Sejak menapaki tangga pesawat, beliau langsung disambut dalam satu formasi kehormatan yang utuh dan terkoordinasi, menciptakan atmosfer yang berwibawa sekaligus sarat makna kebersamaan. Hadir dalam barisan penyambutan tersebut Asisten Pembinaan (Asbin) Kejaksaan Tinggi Sulawesi Utara Fahri, S.H., M.H.; Asisten Perdata dan Tata Usaha Negara (Asdatun) Kejaksaan Tinggi Sulawesi Utara Andi Usama Harun, S.H., M.H.; Kepala Kejaksaan Negeri Manado Fanny Widyastuti, S.H., M.H.; Kepala Kejaksaan Negeri Bitung Erwin Widihantono, S.H., M.H.; Kepala Kejaksaan Negeri Kotamobagu Saptono, S.H.; dua orang Koordinator; serta jajaran Ibu-ibu Ikatan Adhyaksa Dharmakarini (IAD).
Menguatkan dimensi kolaboratif lintas sektor, turut hadir Wakil Gubernur Sulawesi Utara J. Victor Mailangkay, S.H., M.H. bersama jajaran Pemerintah Provinsi, serta Kapolresta Manado Kombes Pol Irham Halid, S.I.K. yang secara simultan memberikan penghormatan, mencerminkan harmoni kelembagaan dalam bingkai sinergitas yang kokoh dan progresif.
Kehadiran lintas elemen tersebut menegaskan bahwa momen ini merupakan lebih dari sekadar penyambutan, ia adalah manifestasi konsolidasi kepemimpinan, penguatan jejaring institusional, serta penegasan arah baru penegakan hukum yang adaptif dan berintegritas di Sulawesi Utara.
Usai prosesi penyambutan yang berlangsung khidmat dan penuh resonansi kehormatan, rombongan bergerak menuju RM Pelangi untuk melanjutkan agenda ramah tamah dan silaturahmi dalam suasana yang lebih cair, sembari menikmati sajian khas Bubur Manado yang menjadi representasi kearifan lokal.
Di balik kapasitas formalnya sebagai aparat penegak hukum, Ferry Tass., Dt. Toembidjo juga merupakan seorang Niniak Mamak atau Penghulu Adat Minangkabau yang menjunjung tinggi falsafah luhur “Adat Basandi Syara’, Syara’ Basandikan Kitabullah”. Nilai ini diperkaya dengan pituah adat yang sarat makna, “Dima bumi dipijak, disitu langik dijunjuang,” yang mencerminkan kearifan dalam menempatkan diri, menghormati nilai lokal, serta membangun harmoni di setiap ruang pengabdian.

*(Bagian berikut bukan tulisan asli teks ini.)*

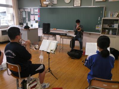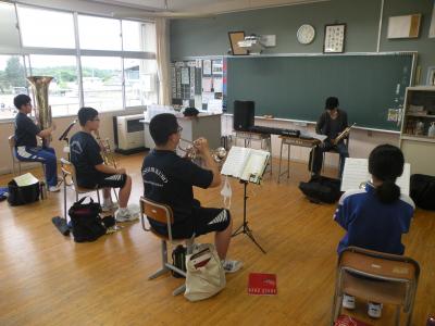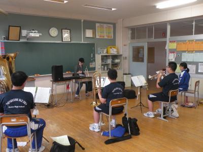 2021年5月17日 18時00分金管楽器の生徒を対象に、専門の講師の先生よりご指導いただきました。まずは講師の先生のトランペット等の吹く音が全く違うことが一番最初の印象でした。しかし、アドバイスいただくと生徒たちの音も見違えるように変わっていくことにも驚きを感じました。多くのことが習得できたものと思います。ありがとうございました。
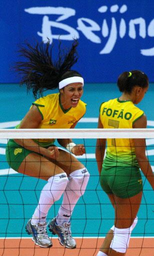 Brazil's players Paula Pequeno (L) and Helia Souza celebrate a point against China during the women's volleyball semifinal in the 2008 Beijing Olympic Games in Beijing on August 21, 2008.[Agencies]

Dalam pernyataannya, Ferry Tass., Dt. Toembidjo menyampaikan:
“Pituah adat Minangkabau ‘dima bumi dipijak, disitu langik dijunjuang’ mengajarkan bahwa di mana kita berpijak, di situlah kita menjunjung tinggi nilai, adat, dan kehormatan setempat. Inilah makna sesungguhnya, bahwa pengabdian harus selaras dengan kearifan lokal, dan kepemimpinan harus hadir dengan rasa hormat, keseimbangan, serta tanggung jawab moral.”

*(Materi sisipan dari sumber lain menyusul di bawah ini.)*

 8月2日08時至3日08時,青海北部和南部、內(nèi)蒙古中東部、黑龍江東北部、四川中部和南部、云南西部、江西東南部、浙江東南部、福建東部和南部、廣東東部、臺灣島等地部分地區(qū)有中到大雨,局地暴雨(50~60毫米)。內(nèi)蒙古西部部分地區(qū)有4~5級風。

Sebagaimana diagendakan, beliau akan resmi dilantik sebagai Wakil Kepala Kejaksaan Tinggi Sulawesi Utara pada Kamis, 23 April 2026 oleh Kepala Kejaksaan Tinggi Sulawesi Utara dalam sebuah prosesi resmi yang sarat nilai kelembagaan, integritas, dan penguatan arah kebijakan penegakan hukum.
Momentum ini menjadi tonggak strategis dalam perjalanan pengabdian Ferry Tass., Dt. Toembidjo, sekaligus menghadirkan ekspektasi baru bagi penguatan marwah Kejaksaan sebagai institusi penegak hukum yang profesional, modern, dan berkeadilan di Manado.